You have to build conscious awareness in the body in order to dig yourself out of chronic and mystery pain and I talked about that in my seven rules video and I believe maybe the eighth rule video if you have questions. So if you have questions about that, look up those videos. I'll put links to them in the description to make them easy to find.


If you're one of those people that feel like you want to do more than three to five minutes, that's fine. You can do 11 minutes, you can do 30 minutes and you can do a session in the morning and a session in the evening. Doing that and splitting it up and having a session right when you wake up and right before you go to bed will make change faster than well having one session of an extended period of time so that's not something you can do.


Eventually when I have all my videos for this entire process made, I will have them organized on my website myfractalbody.com so you can go there and follow them in order. As I make these videos, I'll create playlists on my YouTube channel so that you're able to follow them in order if you're interested and the most important thing to remember is that sense fascia always changes to support your consistent movement patterns. Consistency is the most important thing.

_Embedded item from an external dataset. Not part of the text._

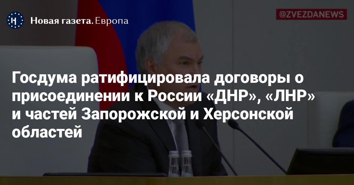 Госдума ратифицировала договоры о присоединении к России «ДНР» и «ЛНР», а также частей Запорожской и Херсонской областей.
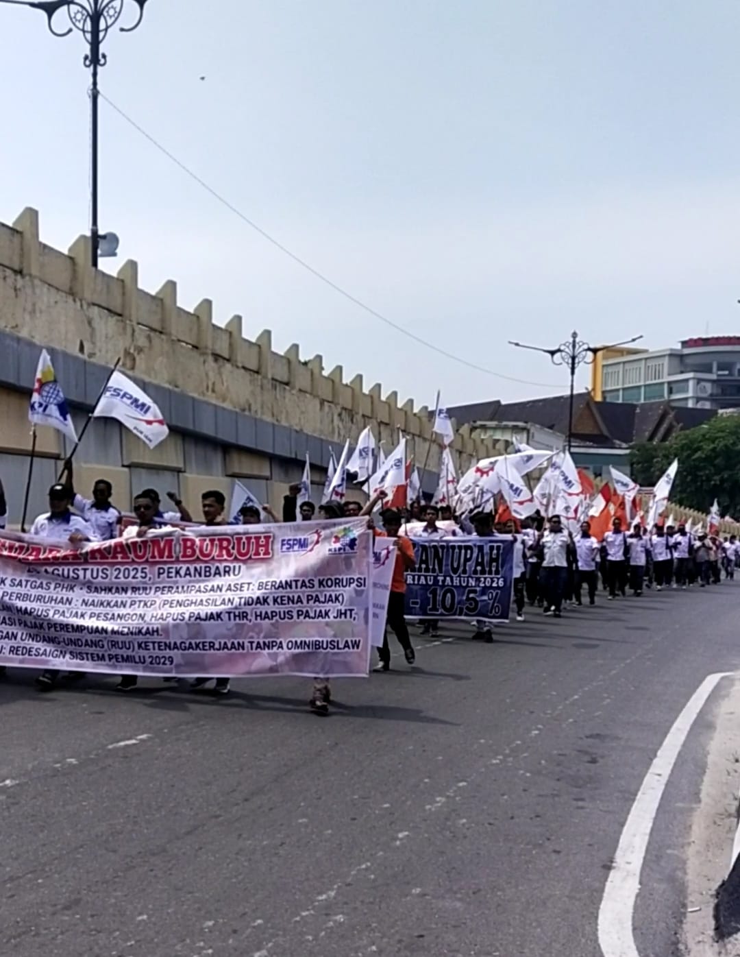 Dalam orasinya, Ketua DPW FSPMI Provinsi Riau, Satria Putra, menyampaikan seluruh aspirasi buruh yang tertuang dalam delapan poin tuntutan nasional. Ia menegaskan bahwa aksi damai ini adalah bentuk konsistensi FSPMI dalam memperjuangkan hak-hak normatif buruh serta mengawal kebijakan pemerintah agar berpihak pada pekerja.

If you wake up and you're working on this and you just don't feel like doing it that morning, tell yourself that you're going to do it for 10 seconds, just 10 seconds. Do the movement, likely you'll get to 10 seconds and be like I can do 30 at least and but even if that doesn't happen, you'll have created a consistent pattern of movement from a day-to-day basis and that is the most important thing for change. If you're doing that, change is inevitable regardless of the time frame it happens in.


Everyone has a different time frame because everyone has different levels of injury and they have different levels of habitual patterns in their life that are keeping them trapped in that injury. Stay consistent. Remind yourself that change is inevitable and that will give you hope.


Keep moving forward. Thank you. Have a great day.